On Wed, May 20, 2026 at 12:05:29PM +0800, Qian Yun wrote:
> On 5/16/26 9:29 PM, Waldek Hebisch wrote:
> > On Sat, May 16, 2026 at 09:14:15PM +0800, Qian Yun wrote:
> >> If you do something like "sin(x) pretend SExpression",
> >> it will take a long time.
> >>
> >> This is useful during debugging.
> >>
> >> After this patch, the output is still unreadable, but much faster.
> >
> > I admit that I find Lisp level printouts of some kinds of FriCAS
> > data useless. Basically, this is when types are part of data
> > structure (in particular representation of functions typically
> > contains type). It is not clear to me if speeding up such
> > useless printouts is worthwile. OTOH without '*print-pretty*'
> > even otherwise simple printouts are much harder to read.
> >
>
> Speedup this printout of Kernel is to ease the pain during
> debugging EXPR.
>
> We can get much more compact printout, if we only print the
> name of "operator" instead of its full property list.
>
> But this will break write!$File. (See src/input/files.input,
> write a EXPR into a file and read it back.)
> (BTW, is this serialization/de-serialization process
> reliable for EXPR?)
It is hard to exclude possibility of bugs, but a lot of effort
went into making this reliable and currently I am not aware
of bugs there. The whole reason for SPAD_KERNEL is to allow
serialization/deserialization at level of Lisp representation.
To ensure uniqeness of kernels, kernels must have nonzero
position only when they are present in the cache. That is
why they are written out withithout position and on reading
position set to 0. After that Kernel code will notice that
position is 0 and enter the kernel into the cache.

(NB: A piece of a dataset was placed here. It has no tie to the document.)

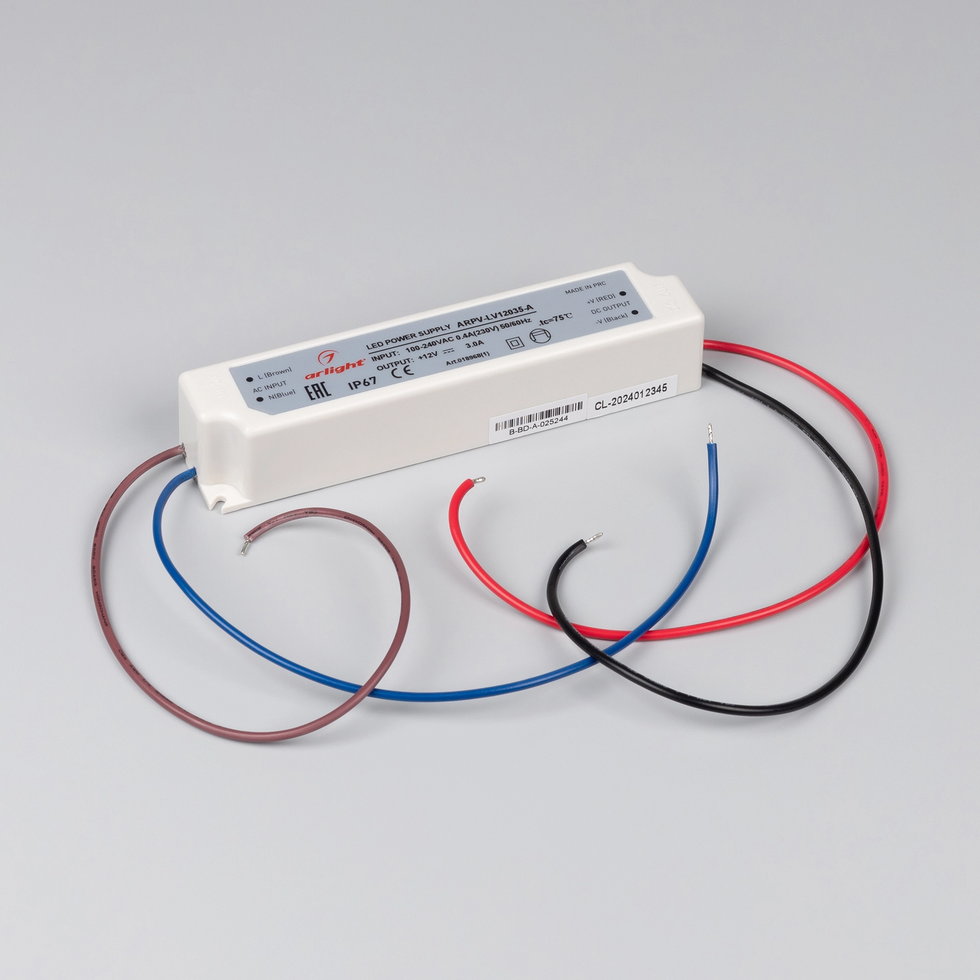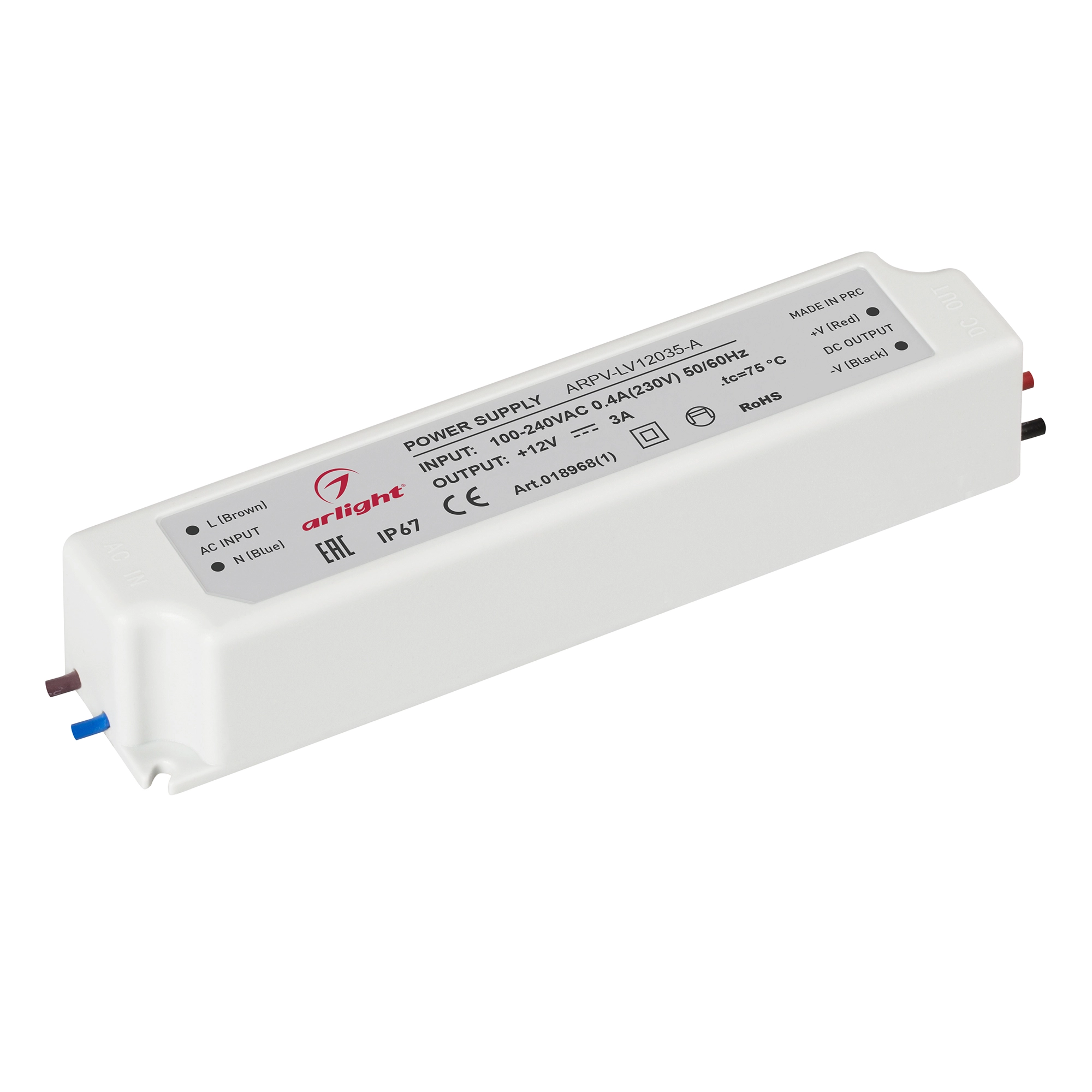Источник напряжения с гальванической развязкой для светодиодных изделий. Входное напряжение 100 - 240 VAC. Выходные параметры: 12 В, 3 А, 36 Вт. Встроенный PFC >0,5. Герметичный пластиковый корпус IP 67. Рабочая температура -30…+70C⁰. Габаритные размеры длина 148 мм, ширина 32 мм, высота 29 мм. Гарантийный срок 3 года.

> How about setting a Lisp variable in File domain,
> and if the Kernel's :print-function detects that, print
> full version; otherwise print the short version.
That looks potentially bug-prone. I admit that I would
prefer Spad specific debugging functions. Note that problem
is really not about kernels but about types: Spad types are
rather bulky as Lisp data structures and a lot of Spad data
contains types. AFAICS bulk is cause by '%diff' and
'%eval' properties of 'sin'. Values of both are Spad
funtions and type is part of function representation:
Spad function is represented as a pair, first element of
the pair is Lisp function, the second is data which
typically is domain vector corresponding to the type.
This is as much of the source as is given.